_What is required_
Would you retype the listing word for word, skipping its pictures?

_Dataset extract_
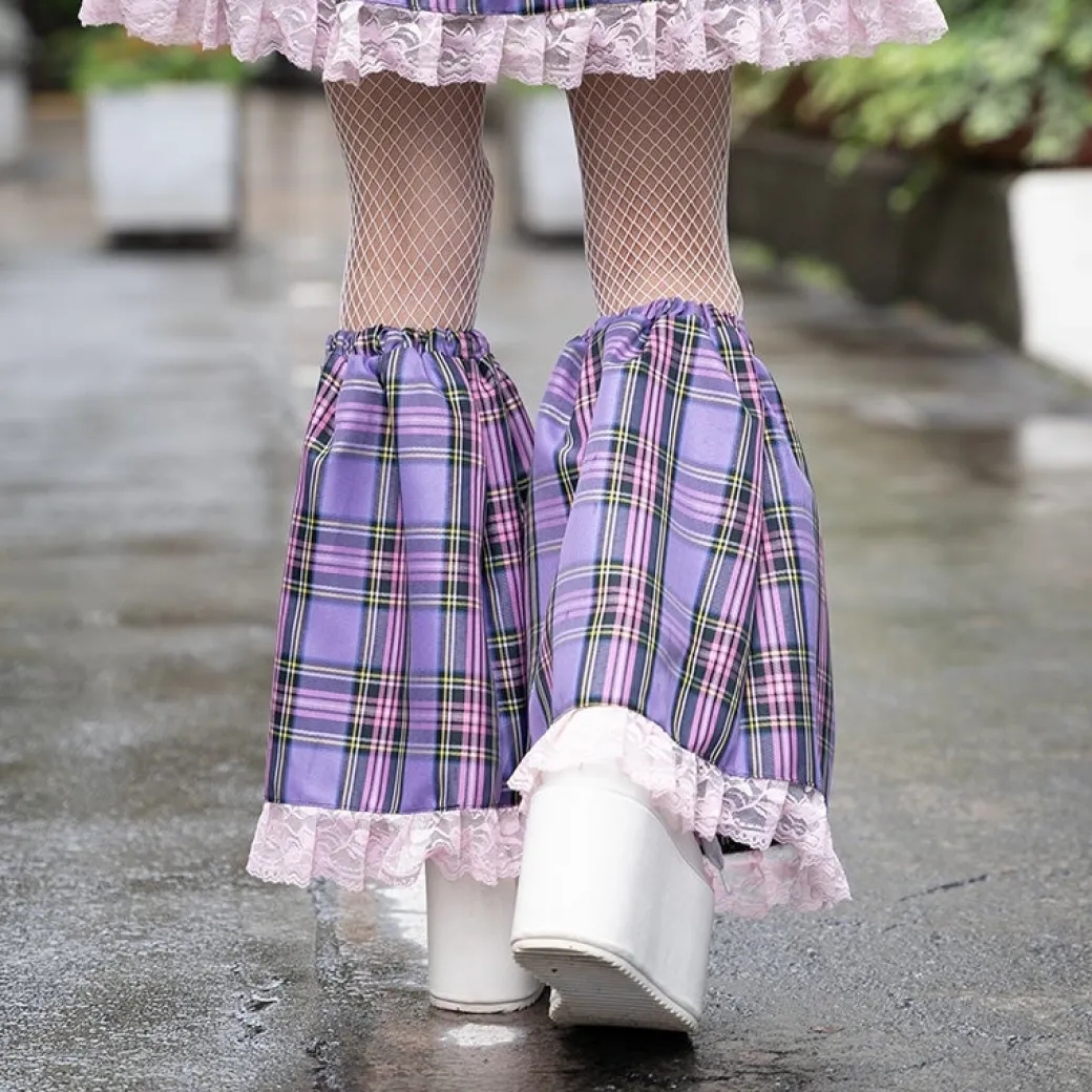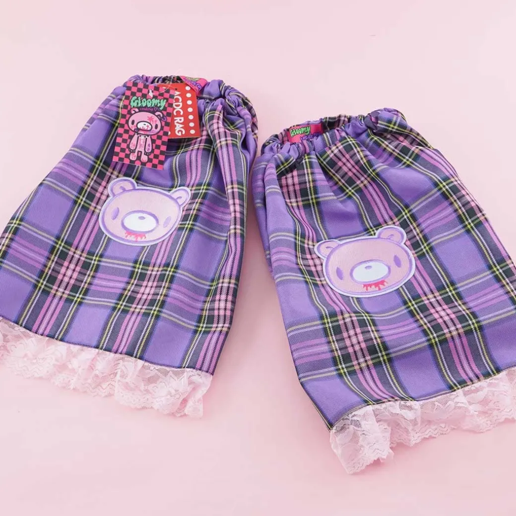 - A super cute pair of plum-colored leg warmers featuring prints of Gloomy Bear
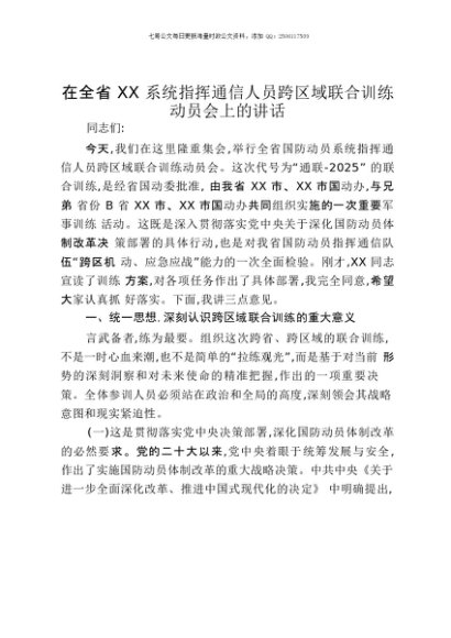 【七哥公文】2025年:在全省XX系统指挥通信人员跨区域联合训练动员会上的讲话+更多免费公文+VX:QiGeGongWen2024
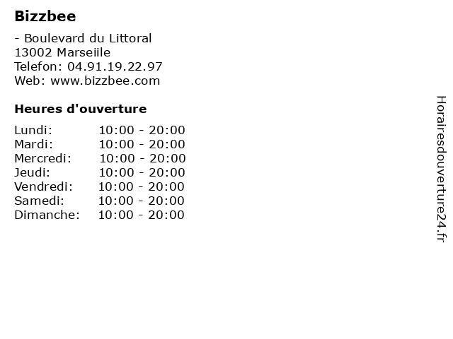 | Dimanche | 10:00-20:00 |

_Response area_
 - A super cute pair of plum-colored leg warmers featuring prints of Gloomy Bear
 【七哥公文】2025年:在全省XX系统指挥通信人员跨区域联合训练动员会上的讲话+更多免费公文+VX:QiGeGongWen2024
 | Dimanche | 10:00-20:00 |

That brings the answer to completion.